## Abstract

**Background and Objectives** While the number of detected COVID-19 infections are widely available, an understanding of the extent of undetected COVID-19 cases is urgently needed for an effective tackling of the pandemic and as a guide to lifting the lockdown. The aim of this work is to estimate and predict the true number of COVID-19 (detected and undetected) infections in India for short to medium forecast horizons. In particular, using publicly available COVID-19 infection data up to 28th April 2020, we forecast the true number of infections in India till the end of lockdown (3rd May) and five days beyond (8th May).

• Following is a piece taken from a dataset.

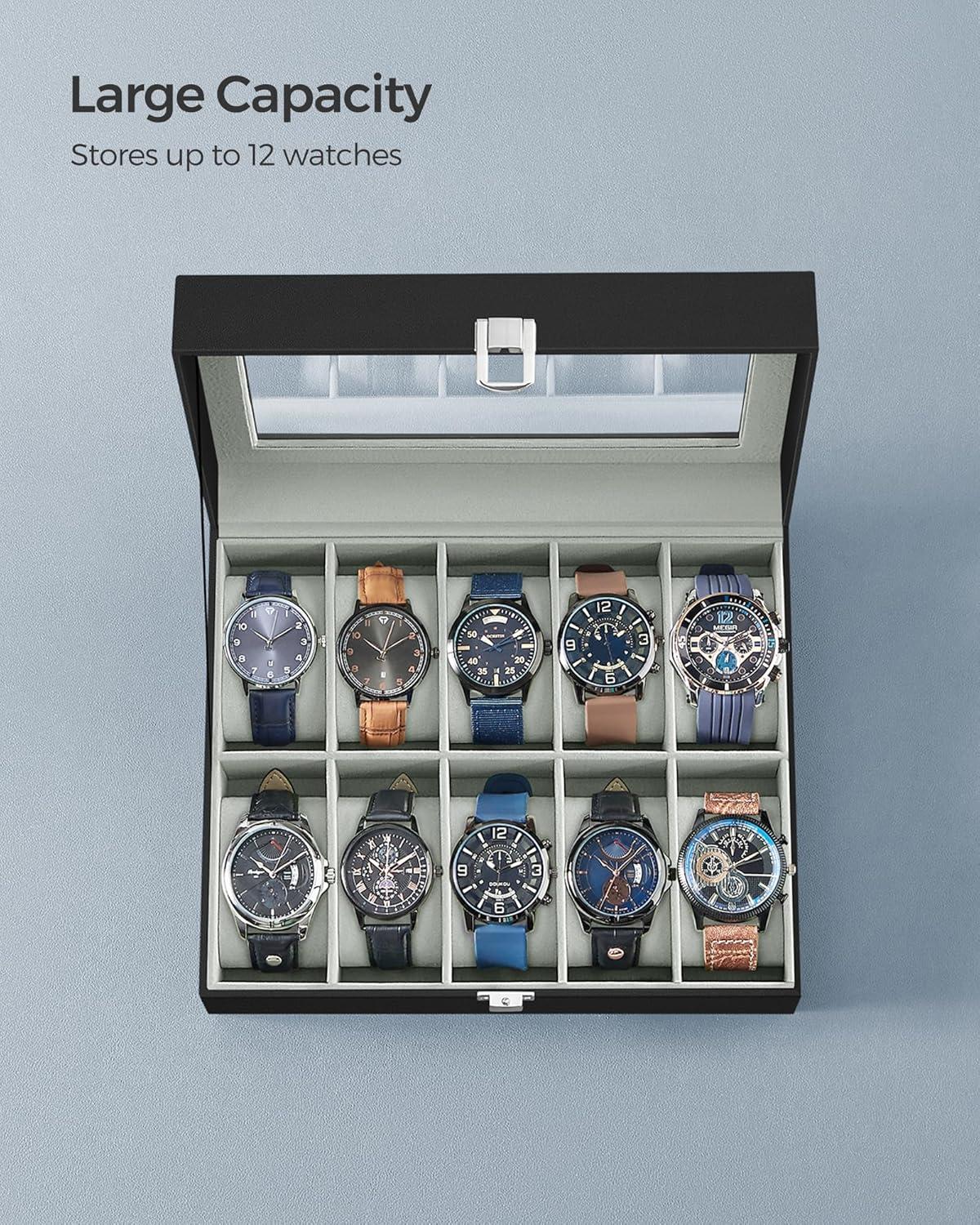 [12 Spacious Watch Slots] This 12-slot watch display case offers enough space for your growing watch collection. Each slot is spacious and can fit different types of watches with a dial size up to 48 mm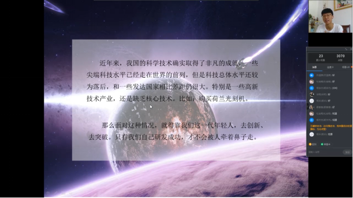 图为支教队员在讲解我国的科技水平

**Methods** The high death rate observed in most COVID-19 hit countries is suspected to be a function of the undetected infections existing in the population. An estimate of the age weighted infection fatality rate (IFR) of the disease of 0.41%, specifically calculated by taking into account the age structure of Indian population, is already available in the literature. In addition, the recorded case fatality rate (CFR= 1%) of Kerala, the first state in India to successfully flatten the curve by consistently reporting single digit new infections from 12-20 April, is used as a second estimate of the IFR. These estimates are used to formulate a relationship between deaths recorded and the true number of infections and recoveries. The estimated undetected and detected cases time series based on these two IFR estimates are then used to fit a discrete time multivariate infection model to predict the total infections at the end of the formal lockdown period.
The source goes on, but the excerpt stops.